» Data listing
::::::::::
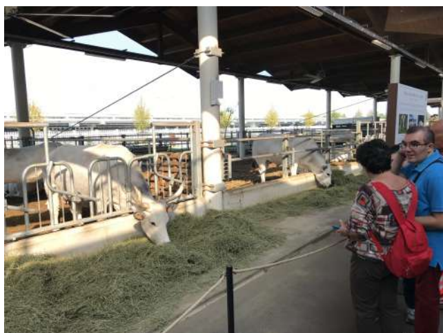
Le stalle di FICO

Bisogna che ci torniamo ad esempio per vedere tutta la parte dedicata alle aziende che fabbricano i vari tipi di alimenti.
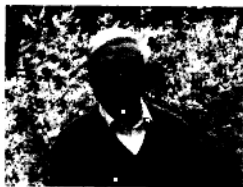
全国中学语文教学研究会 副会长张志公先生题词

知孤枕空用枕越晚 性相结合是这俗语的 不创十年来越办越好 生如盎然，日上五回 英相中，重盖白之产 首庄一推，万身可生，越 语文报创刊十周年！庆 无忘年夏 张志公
::::::::::
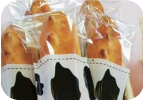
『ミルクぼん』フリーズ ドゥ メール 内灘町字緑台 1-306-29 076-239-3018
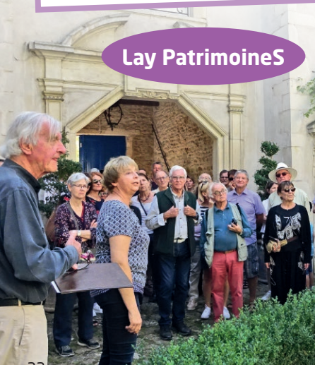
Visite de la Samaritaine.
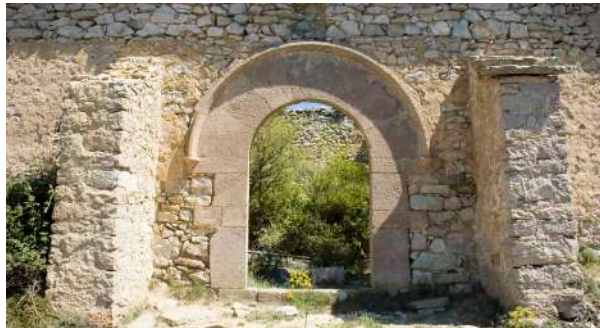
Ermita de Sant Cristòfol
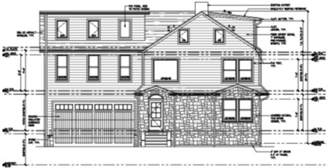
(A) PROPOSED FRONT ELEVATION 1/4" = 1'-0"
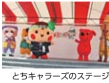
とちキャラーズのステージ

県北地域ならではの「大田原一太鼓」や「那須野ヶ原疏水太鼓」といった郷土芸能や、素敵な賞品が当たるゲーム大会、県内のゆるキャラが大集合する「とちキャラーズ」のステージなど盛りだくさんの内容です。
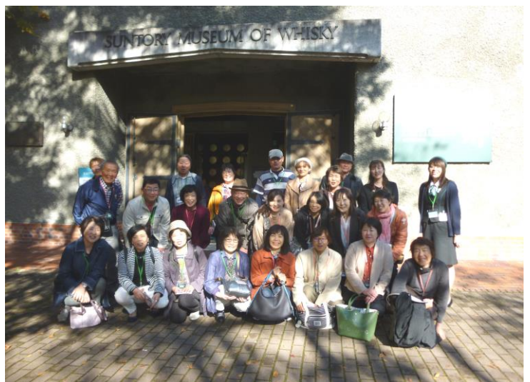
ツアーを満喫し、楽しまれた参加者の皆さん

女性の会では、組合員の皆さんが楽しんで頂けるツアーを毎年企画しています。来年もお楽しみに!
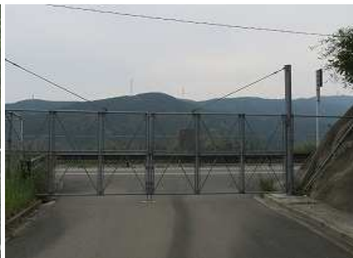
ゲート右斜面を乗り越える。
::::::::::
» Task objective
Using the data above, return the lines from the one holding "ツアーを満喫し、楽しまれた参加者の皆さん" through the one holding "ゲート右斜面を乗り越える。" exactly, but not the pictures.

» Solution to the problem
ツアーを満喫し、楽しまれた参加者の皆さん

女性の会では、組合員の皆さんが楽しんで頂けるツアーを毎年企画しています。来年もお楽しみに!
ゲート右斜面を乗り越える。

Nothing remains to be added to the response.